Литмир - Электронная Библиотека
A
A

— А еще говорят, что одаренные огнем не чувствуют холода! — ворчу вслух, стараясь хоть как-то взбодрить себя. — Иди, Эмма, иди, — говорю себе. — Если сдашься — умрешь. Ты у себя одна.

Прищурив глаза, я щипаю себя, чтобы держаться на границе сознания, и, ощутив отголосок боли, поморщившись, выпрямляюсь, не позволяя своей спине заваливаться вперёд и умереть от холода. Терять бдительность никак нельзя. Пусть вокруг никого нет, лишь птицы задорно переговариваются друг с другом, да еще слышится какой-то непонятный звук, который достаточно быстро усиливался.

— Одаренные! — ахаю и ныряю под пушистые лапы ели.

Звон колокольчиков и ржание лошади раздается совсем близко. Приглушенный удар сердца по ребрам сбивает дыхание. Это шанс на спасение! Нужно только лишь сделать так, чтобы эти огромные сани остановились.
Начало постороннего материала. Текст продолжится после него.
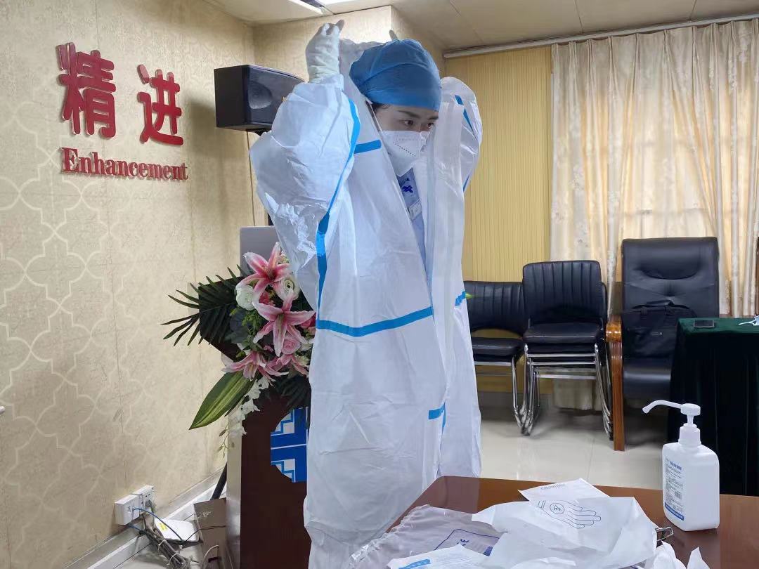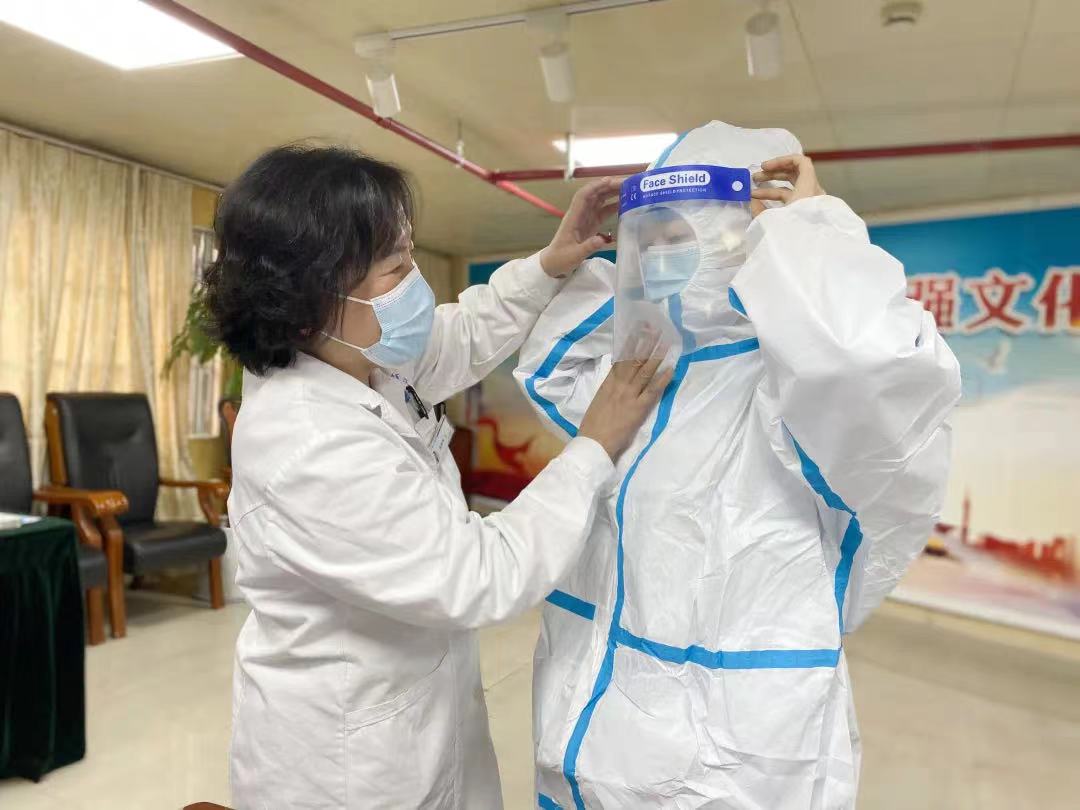 四病區護士長于如如現場指導示范穿戴防護服和消毒隔離的正確操作,通過結合視頻課件和實操培訓,隊員們逐一通過考核并完成采樣崗前防控培訓。
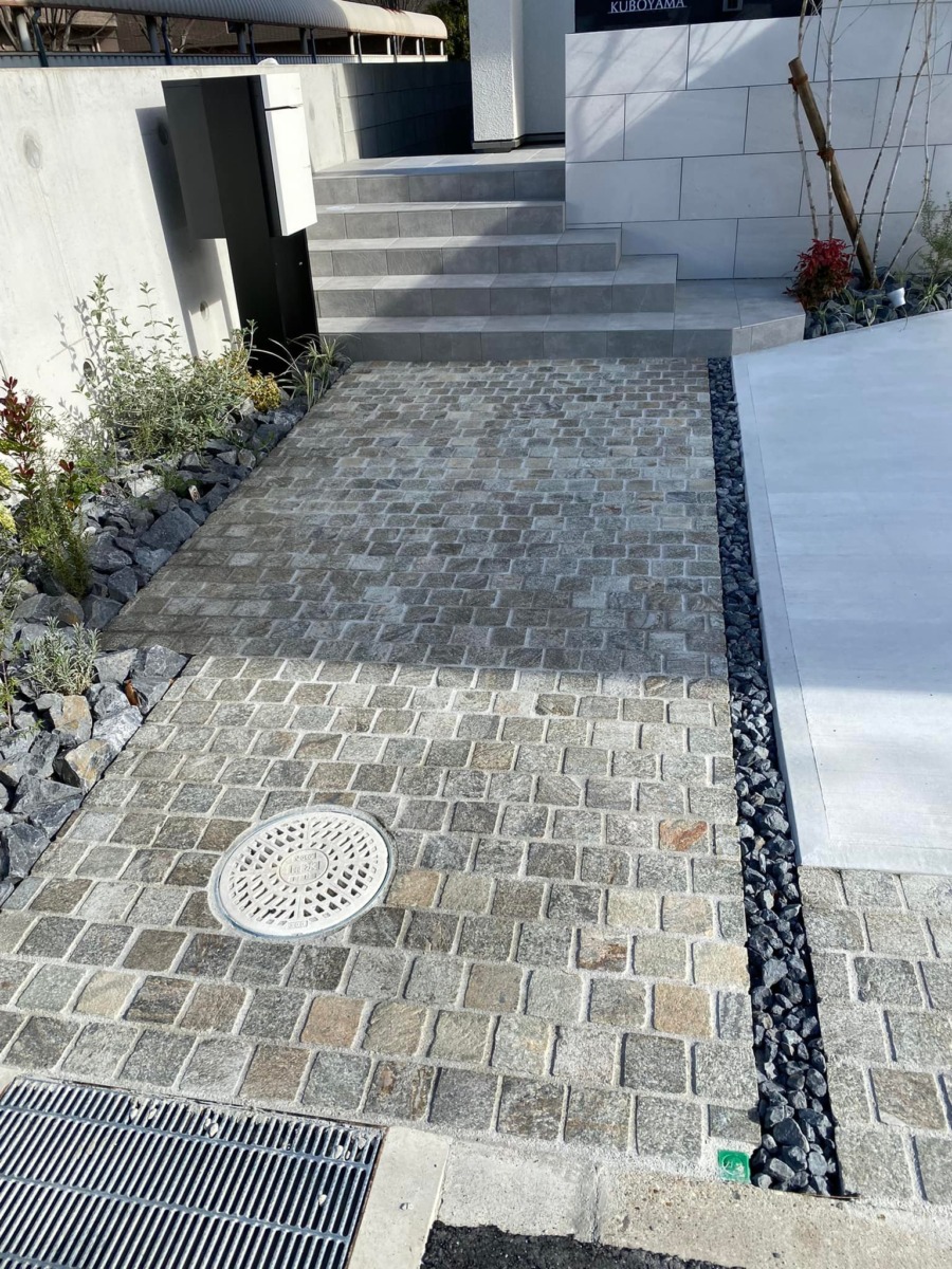 このコーティングはアプローチ部分の石だけでなく、駐車スペース手前や駐車スペースの目地に使用された石にも塗っています👀

— Давай же, давай! — злюсь, стараясь оторвать полоску ткани от платья. — Давай, Эмма, давай! Замерзнешь насмерть!

Ткань не поддаётся, непослушные пальцы сгибаются с трудом. А все из-за этого проклятого холода! Поджав губы, я снимаю ботинок с ноги и бросаю его далеко вперед на дорогу. Уж это наверняка привлечёт внимание! Мне всего-то и надо, чтобы мужчина остановился, ну или на худой конец, притормозил лошадь. А уж я промелькну незаметно туда и обратно и прихвачу тёплых вещей, если повезет.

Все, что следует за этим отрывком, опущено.